Corporate approvals are necessary for a corporation to enter into an M&A. Depending on the structure and subject to the stricter requirements under the corporations’ charters, approval of the board majority and shareholders representing at least two-thirds of the outstanding capital stock are required. The plan for mergers or consolidation must also be duly approved by the Philippine Securities and Exchange Commission.
The acquisition of a listed or public company is also subject to mandatory tender offer rules. The acquirer must undertake a tender offer to all shareholders for acquisitions triggering the threshold. The threshold is currently set at 35% of the outstanding voting shares – or such that would be sufficient to gain control of the board – whether by single acquisition or a creeping acquisition within 12 months, and any acquisition that would result in ownership of over 50% of the total outstanding equity securities. If 15% of the outstanding shares will be acquired within 12 months, only a declaration to that effect must be filed.

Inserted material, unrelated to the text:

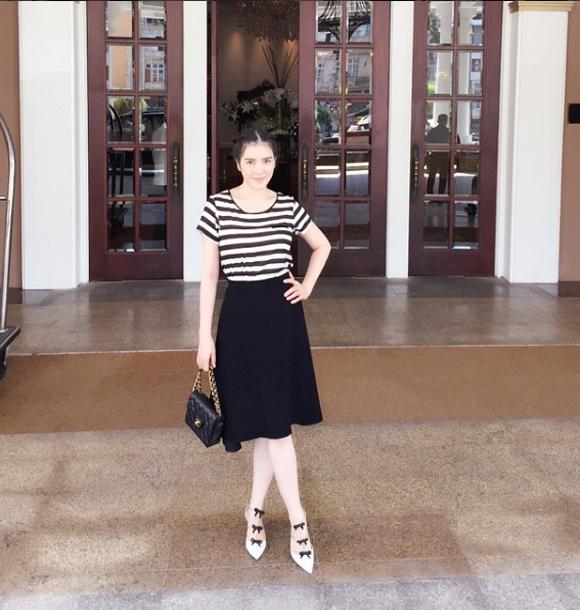 sự chú ý của người hâm mộ. Cô kết hợp cùng bộ trang phục đơn giản gồm chân váy
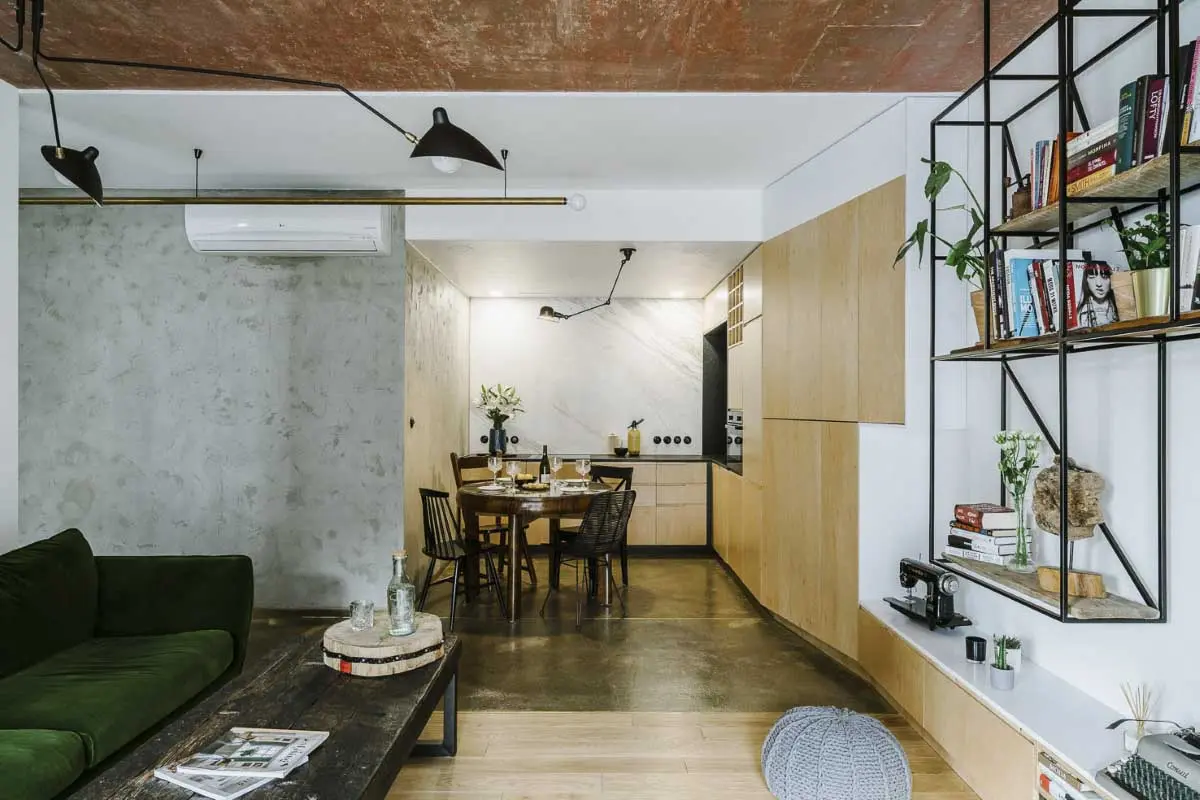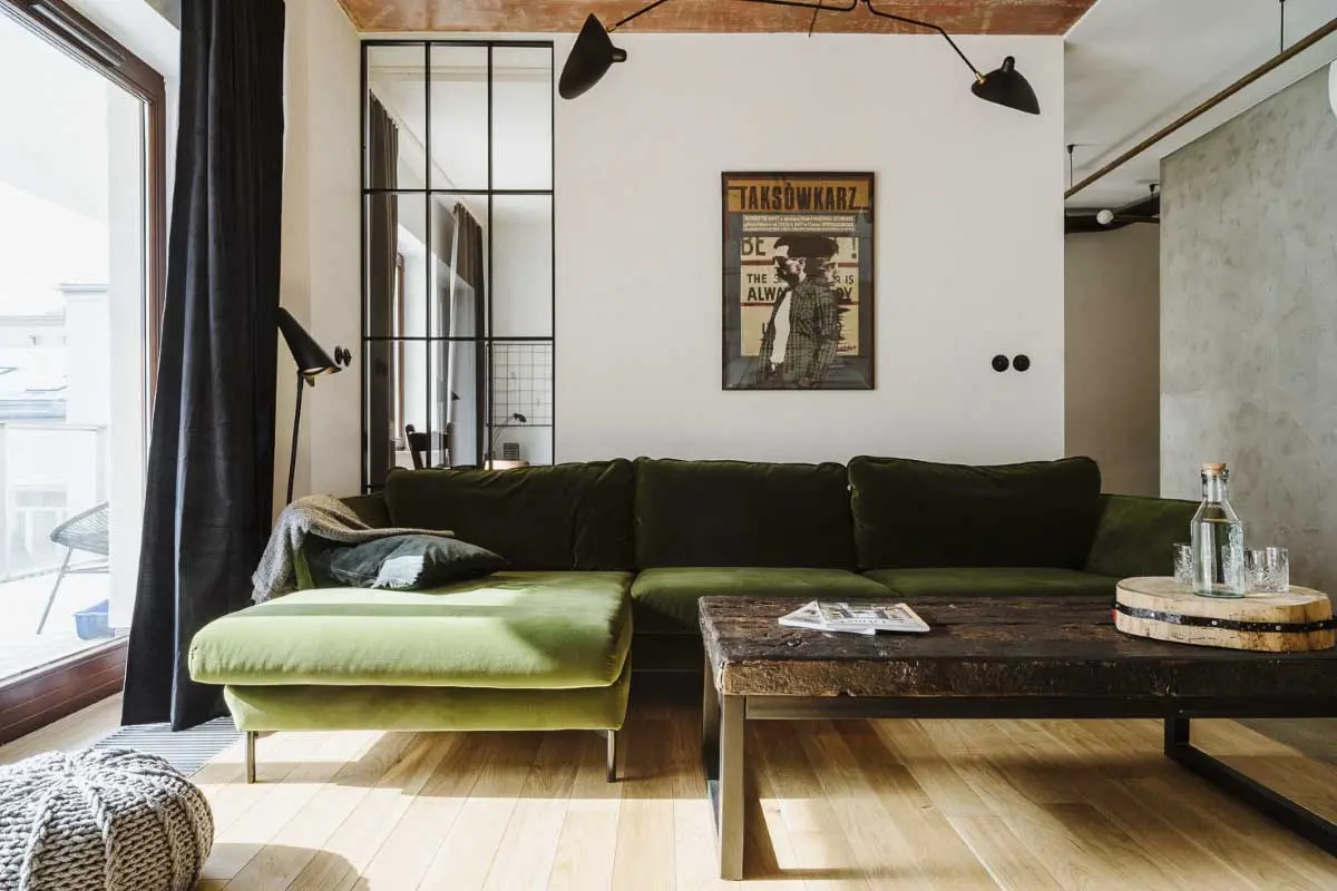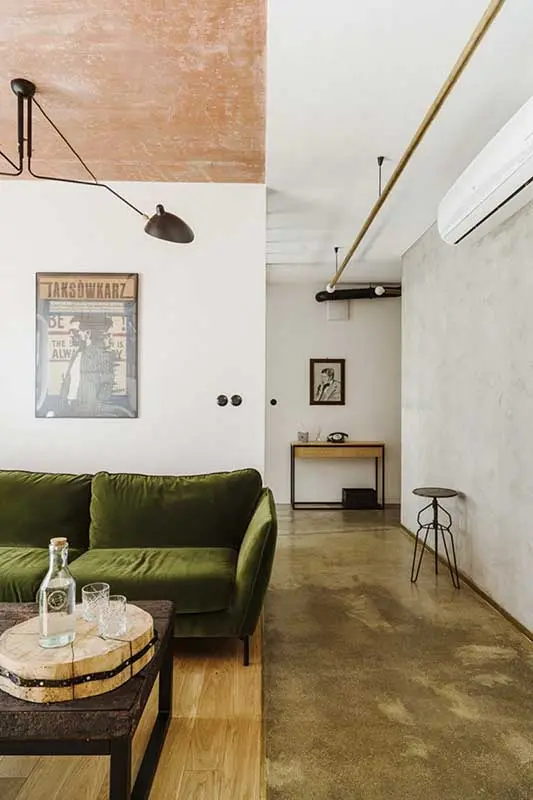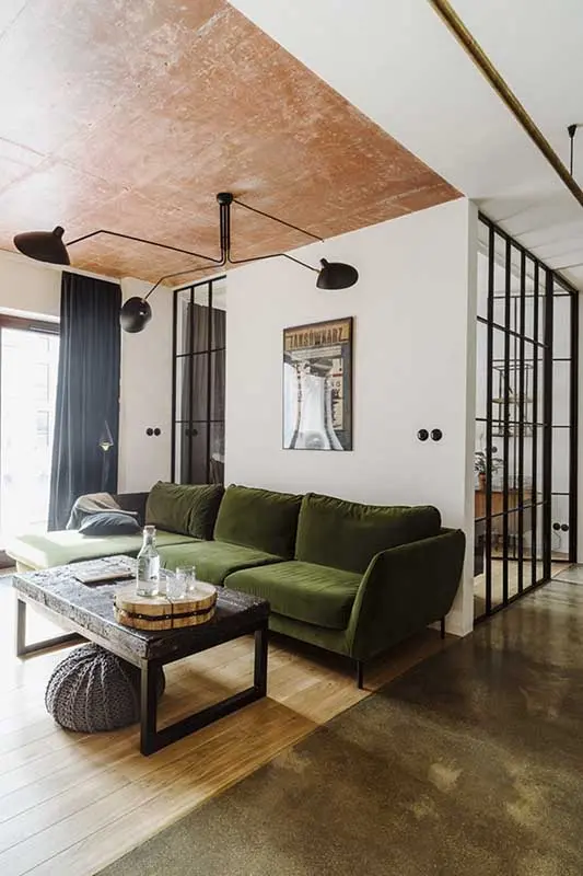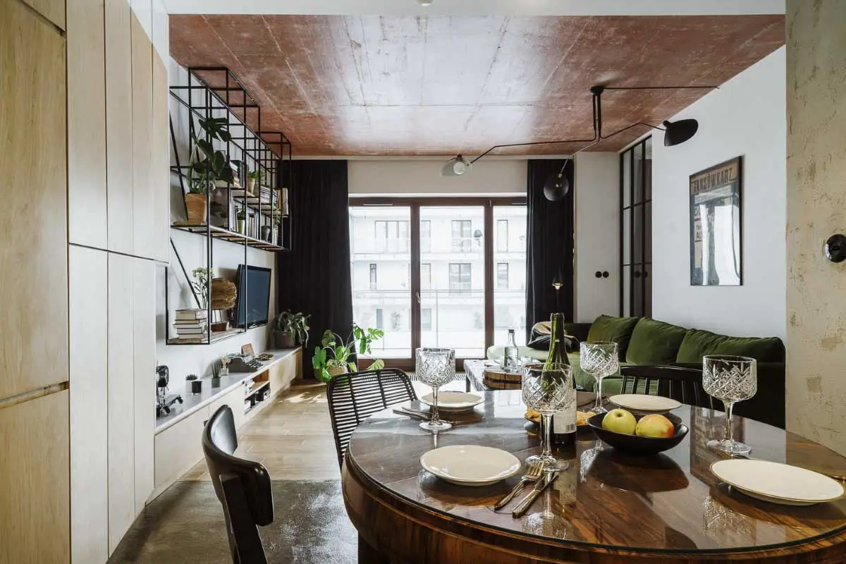 Styl industrialny często kojarzy się z surowym wnętrzem, bliższym kawalerskiej garsonierze niż miejscu dla rodziny z dzieckiem. Natomiast architektom z zespołu Mili Mlodzi Ludzie, udało się zbudować bardzo ciepłą aranżacje, sprzyjającą wspólnemu spędzaniu czasu, nawet jeśli każdy z domowników oddaje się innym obowiązkom. Niezwykle przytulne mieszkanie tworzą nie tylko wykorzystane materiały, ale także elementy wyposażenia i ciepłe barwy. Zielony, welurowy narożnik , stanowi akcent kolorystyczny, ale jednocześnie zachęca do wypoczynku. Okrągły stół vintage w kolorze drewna orzechowego z dobranym do niego rozkompletowanym zestawem krzeseł, również łagodzi loftowy charakter mieszkania. Ciekawym zabiegiem jest zastosowanie mosiądzu jako lejtmotiwu, który występuje w postaci prostej lampy zaprojektowanej przez architektów, podziałach betonowej posadzki i pochwytach szaf.

Foreign investments are not required to be registered with the central bank unless the repatriation of capital or remittance of related earnings in the Philippine peso is funded by foreign currency resources of authorised agent banks, their subsidiaries, or affiliate corporations. In such a case, the registered investment will be entitled to full and immediate repatriation using the banks’ foreign currency resources. For unregistered investments, the foreign currency to fund their repatriation should be sourced outside the banking system.

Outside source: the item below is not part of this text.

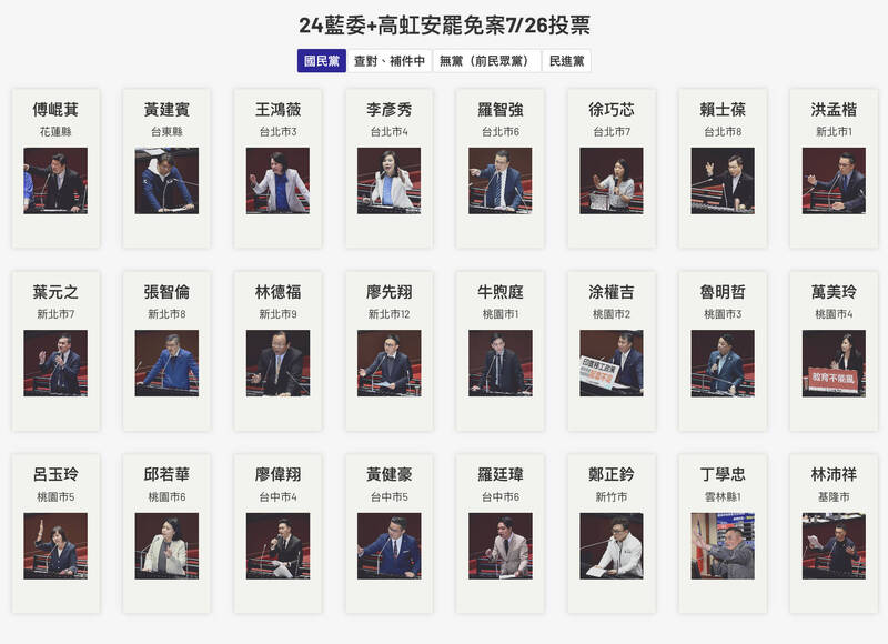 中選會昨宣告傅崐萁等24件國民黨立委,以及停職中的新竹市長高虹安罷免案成案,並決議於今年7月26日投票。本報整理二階罷免連署查對數據,有9成罷免案合格率達80%以上,其中徐巧芯案在連署正確率及合格連署達成率皆奪下冠軍;此外,有6件藍委罷免案繳出0死亡連署、0偽造的好成績。

Tax consequences also hinge on the M&A structure. Share acquisitions, for example, are subject to capital gains tax (CGT) of 15% on net gain; documentary stamp tax (DST) of approximately 0.75% of the par value of the shares sold for unlisted shares; and a stock transaction tax of 0.6% of the selling price for listed shares.
In contrast, taxes on asset acquisitions depend on the asset classification at the seller’s hands. The sale of ordinary assets is subject to income tax and value-added tax (12%). DST and withholding tax are also imposed on the sale of certain assets such as real property. On the other hand, the sale of real property held as capital assets is subject to CGT (6%) and DST (1.5%). M&A transactions made purely for reorganisation purposes are exempt from tax. Proof of payment of these taxes must be presented and approved by the Bureau of Internal Revenue. A certification issued by the bureau is a precondition for registration of the transfer of title in the corporate books or registry of properties.

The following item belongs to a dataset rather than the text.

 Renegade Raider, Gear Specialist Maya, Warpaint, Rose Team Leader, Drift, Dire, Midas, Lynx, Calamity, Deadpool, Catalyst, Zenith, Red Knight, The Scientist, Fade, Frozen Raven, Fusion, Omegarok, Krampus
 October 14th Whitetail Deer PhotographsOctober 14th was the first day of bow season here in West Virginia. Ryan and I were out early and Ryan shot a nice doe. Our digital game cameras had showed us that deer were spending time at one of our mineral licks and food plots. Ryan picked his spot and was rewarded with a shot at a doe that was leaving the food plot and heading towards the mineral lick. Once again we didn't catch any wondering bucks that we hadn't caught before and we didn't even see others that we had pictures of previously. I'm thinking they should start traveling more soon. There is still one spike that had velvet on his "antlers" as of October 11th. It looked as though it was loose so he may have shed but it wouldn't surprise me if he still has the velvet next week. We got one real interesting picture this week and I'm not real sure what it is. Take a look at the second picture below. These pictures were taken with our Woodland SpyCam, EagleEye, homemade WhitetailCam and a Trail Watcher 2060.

Notably, the Philippines recently adopted tax reforms to make the country a more attractive investment destination. This includes reduction of corporate income tax to 25% from 30% of net income for domestic and resident foreign corporations. Income received by non-resident foreign corporations from the Philippines is subject to reduced income tax of 25% on gross income, and 15% final withholding tax for dividends from domestic corporations, subject to certain conditions. Preferential tax rates may be availed of in certain conditions under existing tax treaties.
RIPE FOR M&A
The pandemic crisis induced a reshaping of the Philippine economy, inspiring structural reforms that caused asymmetric recovery across various sectors. With the government’s continuing efforts to revitalise the economy, coupled with key legislative and regulatory developments designed to improve the investment landscape, the Philippines is ripe for transformative M&A activities that can assist companies in positioning themselves as global market leaders.